Recorded information START

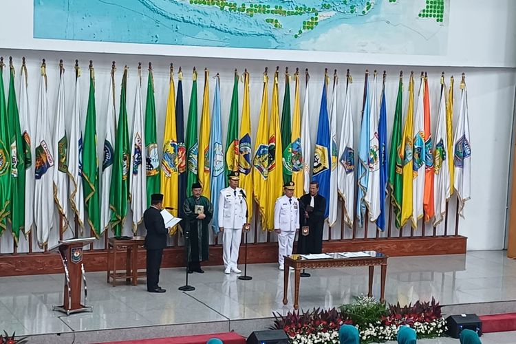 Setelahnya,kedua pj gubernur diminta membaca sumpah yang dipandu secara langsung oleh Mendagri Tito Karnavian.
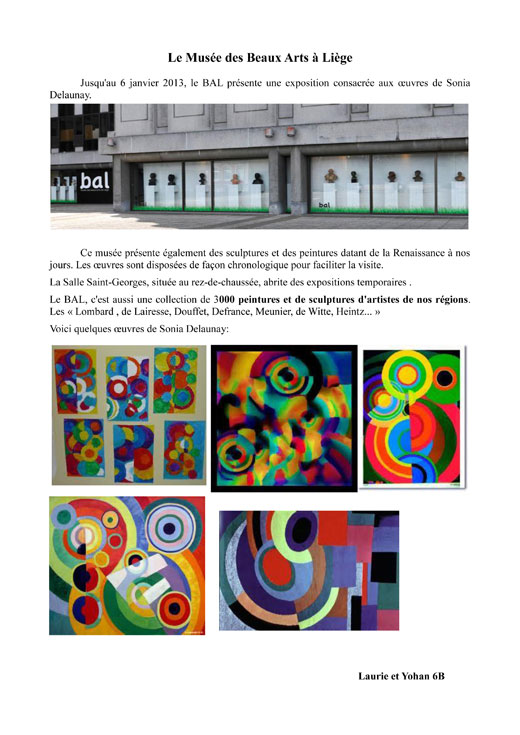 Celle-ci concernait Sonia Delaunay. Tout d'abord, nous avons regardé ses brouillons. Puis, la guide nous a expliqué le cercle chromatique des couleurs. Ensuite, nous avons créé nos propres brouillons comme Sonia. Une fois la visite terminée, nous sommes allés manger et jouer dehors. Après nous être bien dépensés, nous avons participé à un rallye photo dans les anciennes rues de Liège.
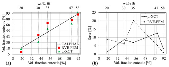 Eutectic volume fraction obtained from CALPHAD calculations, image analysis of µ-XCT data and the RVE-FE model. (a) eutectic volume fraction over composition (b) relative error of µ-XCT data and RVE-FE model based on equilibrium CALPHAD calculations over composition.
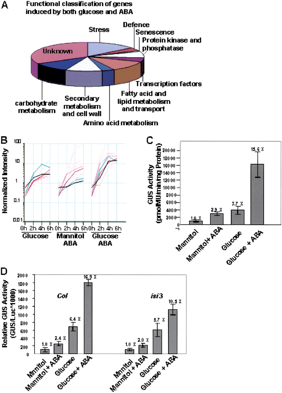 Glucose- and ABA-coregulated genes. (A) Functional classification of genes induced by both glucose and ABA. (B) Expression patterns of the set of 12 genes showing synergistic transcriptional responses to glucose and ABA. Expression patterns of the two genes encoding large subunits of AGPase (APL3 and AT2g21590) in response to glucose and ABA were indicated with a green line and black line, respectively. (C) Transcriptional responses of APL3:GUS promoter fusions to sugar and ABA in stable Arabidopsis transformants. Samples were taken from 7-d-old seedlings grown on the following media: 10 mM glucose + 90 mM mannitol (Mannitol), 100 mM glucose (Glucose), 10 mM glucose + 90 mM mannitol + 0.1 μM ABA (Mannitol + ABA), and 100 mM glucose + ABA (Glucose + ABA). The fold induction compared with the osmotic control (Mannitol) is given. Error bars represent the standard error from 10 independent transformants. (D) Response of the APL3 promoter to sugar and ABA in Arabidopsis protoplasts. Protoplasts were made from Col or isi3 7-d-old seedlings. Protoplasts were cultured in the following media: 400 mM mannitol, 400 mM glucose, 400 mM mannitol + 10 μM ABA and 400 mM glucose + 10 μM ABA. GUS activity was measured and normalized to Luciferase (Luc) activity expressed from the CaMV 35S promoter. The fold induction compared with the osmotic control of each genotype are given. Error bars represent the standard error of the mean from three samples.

Recorded information END
Recorded information START

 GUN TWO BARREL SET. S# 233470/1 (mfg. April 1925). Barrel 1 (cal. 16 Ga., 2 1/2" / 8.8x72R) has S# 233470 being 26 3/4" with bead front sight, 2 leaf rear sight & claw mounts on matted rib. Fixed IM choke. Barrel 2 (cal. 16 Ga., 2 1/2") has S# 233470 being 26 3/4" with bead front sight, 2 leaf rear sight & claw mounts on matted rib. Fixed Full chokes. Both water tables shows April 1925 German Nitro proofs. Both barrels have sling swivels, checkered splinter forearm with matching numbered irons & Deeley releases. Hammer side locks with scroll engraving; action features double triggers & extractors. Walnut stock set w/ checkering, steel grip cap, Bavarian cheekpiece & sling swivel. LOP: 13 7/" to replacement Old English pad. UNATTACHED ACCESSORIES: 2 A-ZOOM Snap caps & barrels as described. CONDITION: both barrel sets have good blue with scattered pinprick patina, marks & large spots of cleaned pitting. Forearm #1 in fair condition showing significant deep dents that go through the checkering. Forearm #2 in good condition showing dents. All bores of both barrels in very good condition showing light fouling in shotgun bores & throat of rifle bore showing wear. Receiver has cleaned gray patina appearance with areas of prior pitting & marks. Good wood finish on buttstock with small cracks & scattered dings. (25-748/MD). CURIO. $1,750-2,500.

Recorded information END

__What you need to do__.
Go to the line above that has "Setelahnya,kedua pj gubernur" and copy exactly from there down to the line that has "Eutectic volume fraction obtained", both included. Leave the pictures out.

__Completed task__.
 Setelahnya,kedua pj gubernur diminta membaca sumpah yang dipandu secara langsung oleh Mendagri Tito Karnavian.
 Celle-ci concernait Sonia Delaunay. Tout d'abord, nous avons regardé ses brouillons. Puis, la guide nous a expliqué le cercle chromatique des couleurs. Ensuite, nous avons créé nos propres brouillons comme Sonia. Une fois la visite terminée, nous sommes allés manger et jouer dehors. Après nous être bien dépensés, nous avons participé à un rallye photo dans les anciennes rues de Liège.
 Eutectic volume fraction obtained from CALPHAD calculations, image analysis of µ-XCT data and the RVE-FE model. (a) eutectic volume fraction over composition (b) relative error of µ-XCT data and RVE-FE model based on equilibrium CALPHAD calculations over composition.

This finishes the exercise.